As the government boasted on Tuesday that mobile operators have started to reduce their SMS or text rates as a result of a circular issued by the National Telecommunications Commission (NTC), a consumer group criticized the agency as incapable of enforcing its own order after noting that local carriers have not yet implemented the said circular.

The NTC has announced that starting Nov. 30, SMS rates will go down to 80 centavos from P1 per text as the country’s three telecommunications companies (Globe, Smart, and Sun Cellular) comply with its earlier order to reduce access charges for text messaging service.

But according to TXTmate, a non-profit organization whose majority of the members are purportedly from the University of the Philippines, said the reduced interconnection rate for SMS was a failure even as it took the NTC “three years to actually implement” it.

“And yet even now, on the day of its promised implementation, consumers are complaining that telecoms are refusing to reduce the cost of SMS,” the group said in a statement.

TXTmate said its members tested the promised implementation but came up with similar results: most of them said that the cost was still P1.00 per SMS, while others claimed that, after checking, the cost was P0.95 per SMS.

This was a far cry from NTC’s promised reduction to P0.80, the group said.

TXTmate president Marcelino Veloso III observed that “If the NTC is unable to effectively implement the simplest of directives (one which took them three years to materialize), how can we expect it to tackle bigger issues? Already we see numerous complaints for mobile internet overcharging and the continuous lack of permanent 6-second pulse billing.

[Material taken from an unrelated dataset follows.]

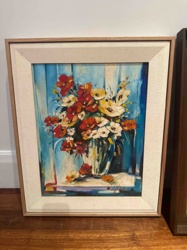 Signed Mid-Century Floral Still Life Oil Painting by J. Schgeti

In some countries, we can call this daylight robbery. Here, it is a way of life.”

He noted that even pro-competition rules such as Reference Access Offers (RAOs), with implementing rules in 2009, and Significant Market Power (SMP) rules, which were proposed as early as 2007, have been promised but have yet to be delivered by the telecom regulator.

“With this background, does anyone really expect the NTC to actually implement the SMS interconnection reduction in the near future? How much more reducing the same fees for voice calls anytime soon?” he asked

Veloso claimed that the problem is exacerbated by the approval of the PLDT-Digitel deal which was done “with barely a slap on the wrist.”

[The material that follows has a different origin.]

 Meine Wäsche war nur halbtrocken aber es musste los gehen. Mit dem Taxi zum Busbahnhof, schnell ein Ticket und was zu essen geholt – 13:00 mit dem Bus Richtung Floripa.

He noted that in the United States, the AT&T/T-Mobile deal appears to be falling apart because of pressure by the US Department of Justice and its telecom regulator.

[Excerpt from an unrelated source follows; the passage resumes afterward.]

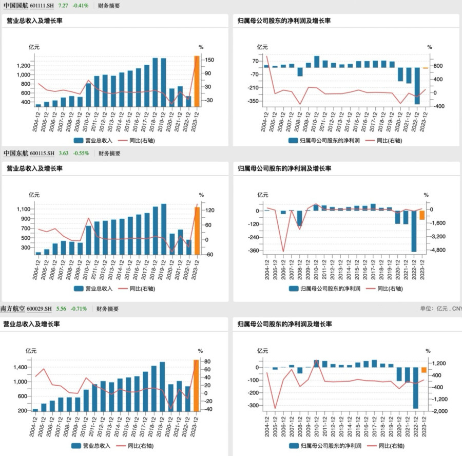 总体来看,三大航2023年业绩集体仍未实现扭亏,但整体经营业绩上有明显改善,营收均实现倍增恢复。去年前三季度业绩亮眼,多项数据创新很高,但去年第四季度属于传统民航客运淡季,其间不少航线价格都会环比大幅回落。具体来看航司业绩,南方航空去年营收最高,达到了1599.29亿元,国航其次,营收为1411亿元,东航营收为1137.41亿元,分别同比增长超八成、增超1.6倍、增超1.4倍。值得注意的是,其中国航和南航去年营收已创历史新高。

“Here, it is the other way around. The NTC is the piñata of the telecom giants,” Veloso remarked.

He added: “If the NTC was unable to effectively regulate the industry with three players, how can it expect to do so now when we have a duopoly which can easily delay regulations? If it takes three years to implement a regulation that doesn’t even appear to be working, how long will we wait for the more important pro-competition, pro-consumer rules?